Emotional moment at the turn. Every Boston marathoner knows what turn, the one by the fire station in Newton, the one that signals the start of the hills, the one where the crowds sound like you just personally made a touchdown at the Super Bowl. Overload of love. Overload of joy. Walked a bit. Wiped eyes a bit. Smiled a ton. Pressed lots of power flowers.

And so it continued. 

Downhill past Boston College, saw my dear friend Elaine and her hubby. Elaine was with me at my first Boston, 2001, cheering me on at Cleveland Circle, and before then telling me I could do it during long nights at the gym, both of us on ellipticals chatting about online dating, losing weight, how middle-aged such and such and his buddy whatsit over there are such players for hanging with the college girls, how ellipticals are boring. 

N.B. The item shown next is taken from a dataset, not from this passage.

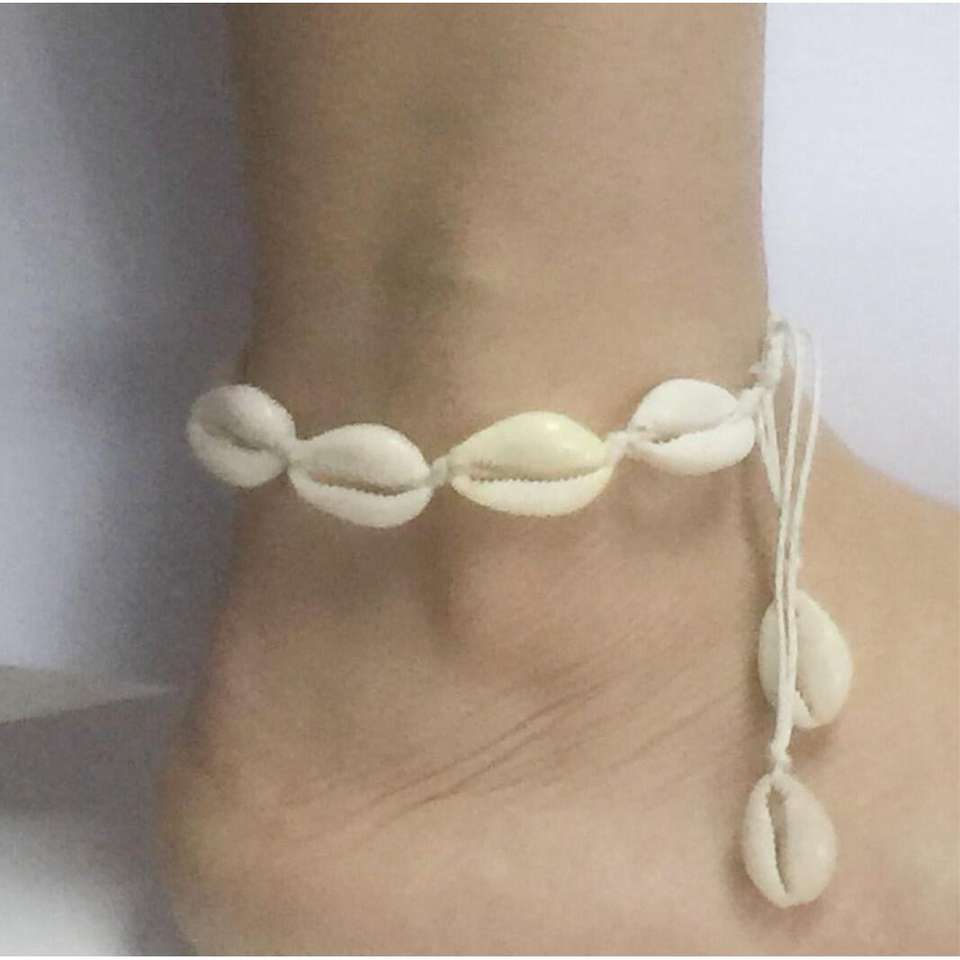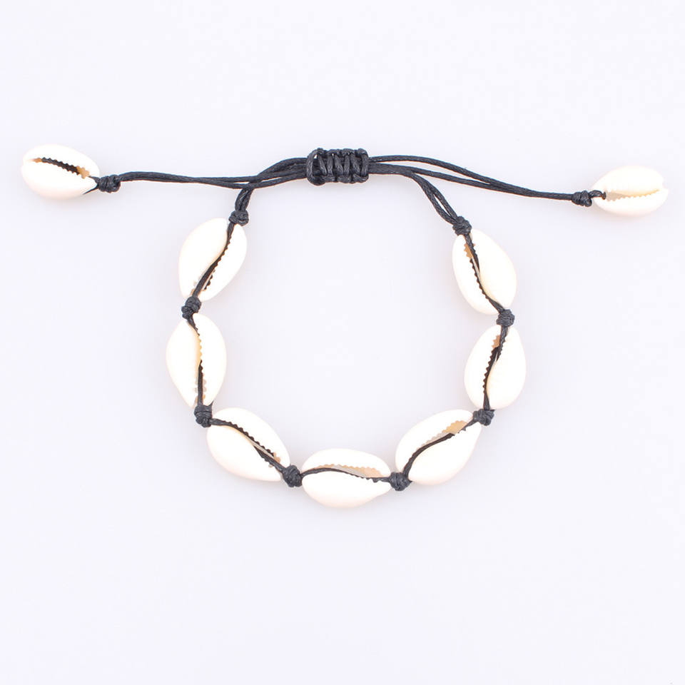 สร้อยข้อเท้าเชือกถักมือจากเปลือกหอยธรรมชาติ สีขาว สไตล์ลำลอง เครื่องประดับสำหรับทุกเพศ ผลิตจากเมืองอี้หวู่

Then let gravity carry me to Cleveland Circle and Coolidge Corner and screaming fans and love love love all we need is love and Gatorade and water and more love and this neat kid doing the whole marathon on crutches. I figure he was about twenty. I stopped and walked next to him while he crutched. He qualified for Boston last year, I forget where, finishing in under three hours. Got hurt a few weeks ago. Stress fracture I think he said. Couldn’t put weight on the foot at all. So no running. But he wasn’t going to miss Boston. Oh no. Not this Boston. Hence, the crutches. 

Me: How do you feel?

Him: Pretty good except for my hand. (Briefly holds up hand, which is excruciatingly taped.)Think I broke it doing this for twenty-four miles. "This" meaning running the marathon. Using crutches.
 
Next I swerve around a swarm of red, white, and blue-bedecked Team Hoyt members who are making running legends Rick and Dick, at the center of the frenzy, honored guests at their runner high love-in. 

I meet up with another friend, a fast runner coming back from a month-long bout of pneumonia, somewhere before Hereford, in the tunnel under Mass Ave. She’s limping, obviously in pain, and is all smiles. We agree that yes, it IS a great day.  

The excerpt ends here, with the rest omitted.